Security Agencies Blamed for Rights Violation in South Sudan

A United Nations (UN) report released by Human Right Division and the United Nations Mission in South Sudan (UNMISS), has blamed South Sudan’s security agencies — the army (Sudan People’s Liberation Army [SPLA]) and the police — for violation of freedom of expression in the country.

The report mentioned incidents which included the killing of two people, arbitrary arrest and detention of 58 others and dismissal of 16 people from their jobs, blocking websites, censoring newspaper articles and closure or suspension of media houses.

According to the UN report, the government agencies target people with views that were critical of the South Sudanese government.

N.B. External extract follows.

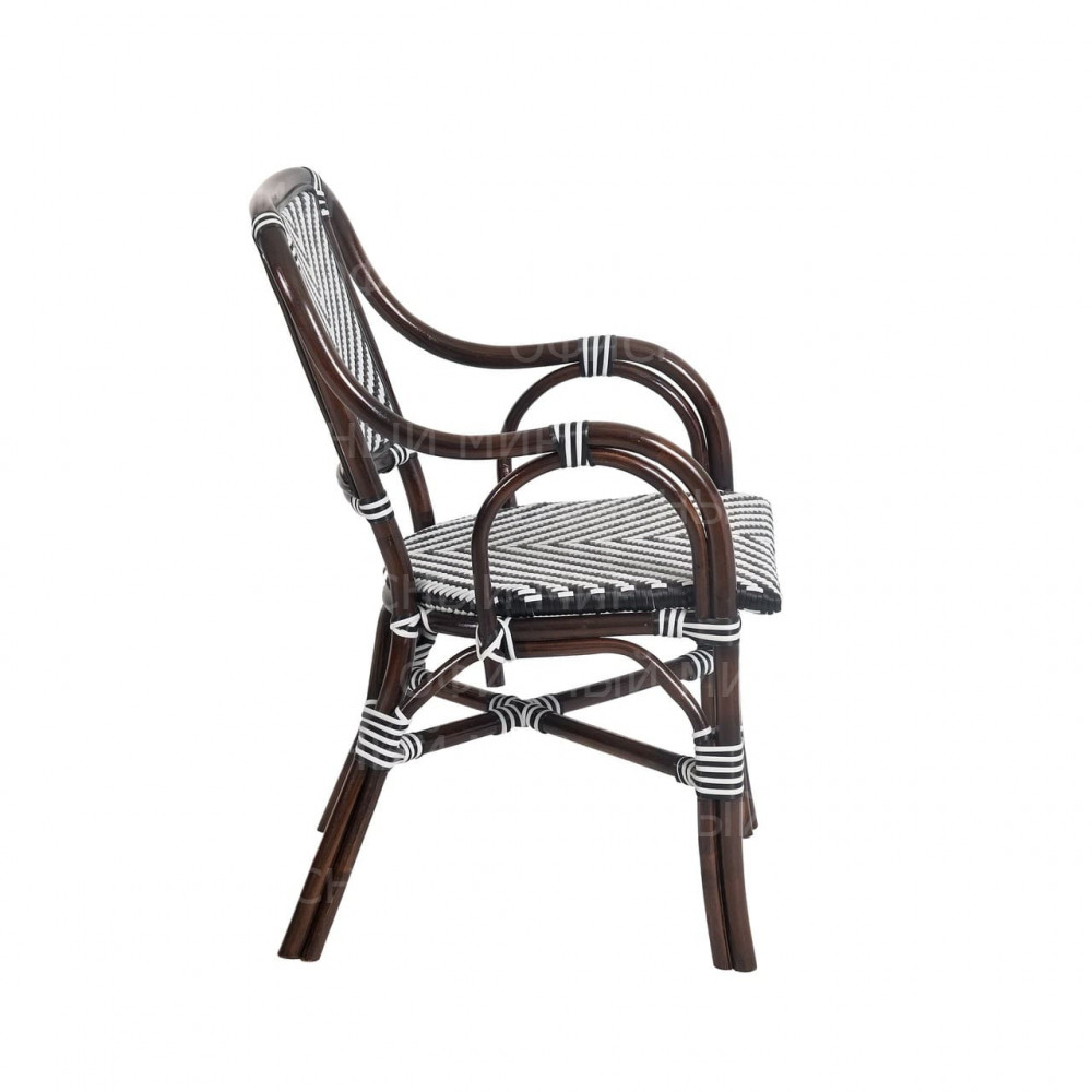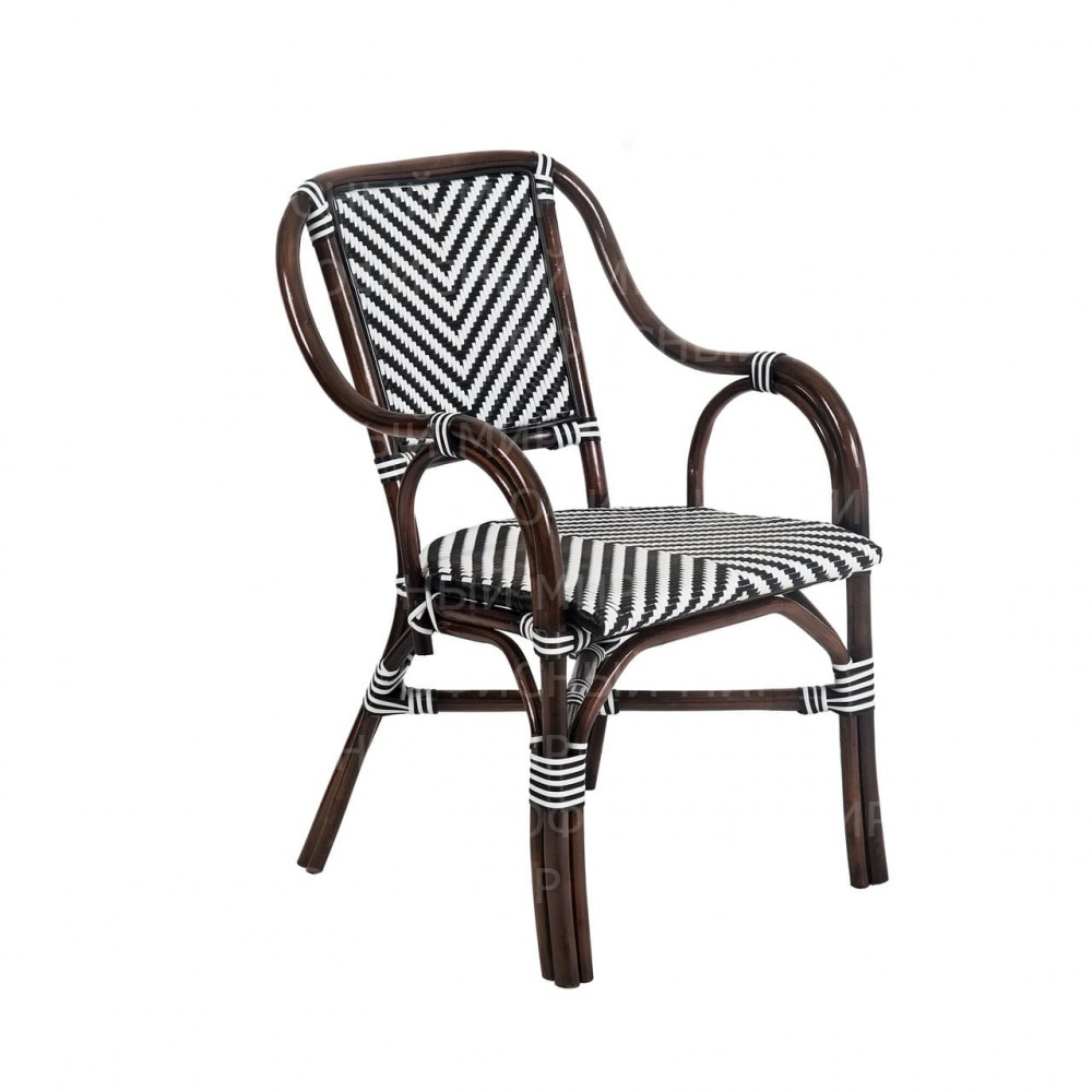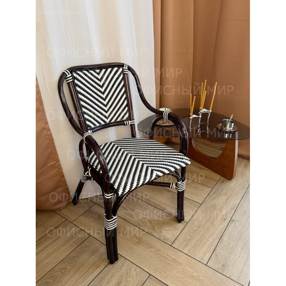 Универсальное кресло из комбинированного ротанга сочетает в себе стиль и функциональность. Его каркас выполнен из прочного ротанга благородного темно-коричневого цвета, а сиденье и спинка украшены плетением в черно-белую полоску, что придает изделию современный и свежий вид. Кресла из ротанга идеально подходят как для использования на даче, так и в кафе, так как материал устойчив к воздействию погодных условий. Это кресло станет отличным дополнением к вашему саду, террасе или кафе, обеспечивая комфорт и эстетическое удовольствие.

“The report found that government security forces, including the National Security Service (NSS), Sudan People’s Liberation Army (SPLA), and the South Sudan Nation Police Service (SSNPS), were responsible for two thirds of the verified cases. It stated that the NSS’ broad powers of surveillance, arrest and detention, including the imbedding of its officers in some newspaper printing establishments, meant that people were deterred from participating and discussing the state of the country or human rights. It has led to a growing climate of self-censorship,” The UN report reads

The Special Representative of the Secretary –General and Head of UNMISS, David Shearer, called for genuine inclusivity of all voices in South Sudan for the attainment of peace.

It is vital that the voices of all the people of South Sudan are heard so that genuine, inclusive and durable peace can be achieved,” said Shearer.

“All parties to the conflict must respect people’s right to freedom of expression regardless of their ethnicity, beliefs or political views.”

South Sudan’s government spokesperson wasn’t available for comment.